Multifocal Contact Lenses With High Add Power Help Slow Myopia Progression

By Megan Brooks

August 12, 2020

NEW YORK (Reuters Health) - Soft multifocal contact lenses with a high add power help slow progression of myopia in children, more so than multifocal lenses with medium add power or single-vision lenses, according to results of the BLINK trial.

"Over the past five years, many eye care practitioners have been fitting children with multifocal contact lenses to slow the progression of nearsightedness. However, the best add power for slowing myopia progression was unknown. We now know that the stronger add power provides better myopia control," Dr. Jeffrey Walline of The Ohio State University College of Optometry told Reuters Health by email.

The objective of the BLINK study was to see whether soft contact lenses with a central correction for myopia plus a high add (+2.50 D) or medium add (+1.50 D) power to the peripheral concentric zone can slow myopia progression in children more than single-vision (no add) contact lenses that correct for myopia.

Participants included 294 children (mean age, 10 years) with -0.75 D to -5.00 D of spherical component myopia and less than 1.00 D astigmatism. Ninety-eight children were randomly assigned to each type of lenses.

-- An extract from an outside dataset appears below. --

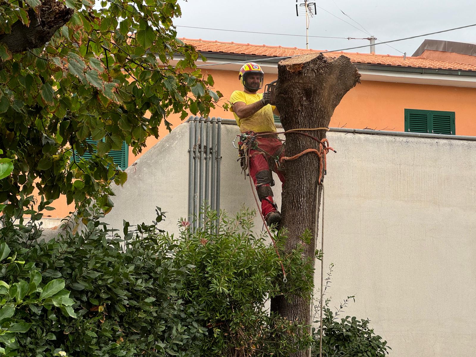 L’abbattimento controllato in tree-climbing è una tecnica di lavoro che viene utilizzata qualora non sia possibile l’abbattimento dell’intero albero, ad esempio quando lo spazio libero a disposizione non è sufficiente. Con l’ausilio di particolari attrezzature, funi, carrucole, dissipatori si può smontare la pianta a pezzi calando le parti a terra controllandone la discesa.

The adjusted three-year myopia progression, the primary outcome, was significantly slower with high-add-power multifocal lenses (-0.60 D) than with medium-add-power multifocal (-0.89 D) or single-vision lenses (-1.05 D).

The adjusted mean eye growth, a secondary outcome, was 0.42 mm for high add power, 0.58 mm for medium add power, and 0.66 mm for single-vision lenses, all significant differences.

"The high add power did not clinically alter the ability to see or result in a greater number of adverse events. Although these contact lenses were approved for wear by the U.S. Food and Drug Administration (FDA) without age restriction, they did not have a specific FDA indication for myopia control and were prescribed off label," the researchers note in their JAMA article.

"The key takeaways are that soft multifocal contact lenses can slow myopia progression, especially if the high add power is used," Dr. Walline told Reuters Health.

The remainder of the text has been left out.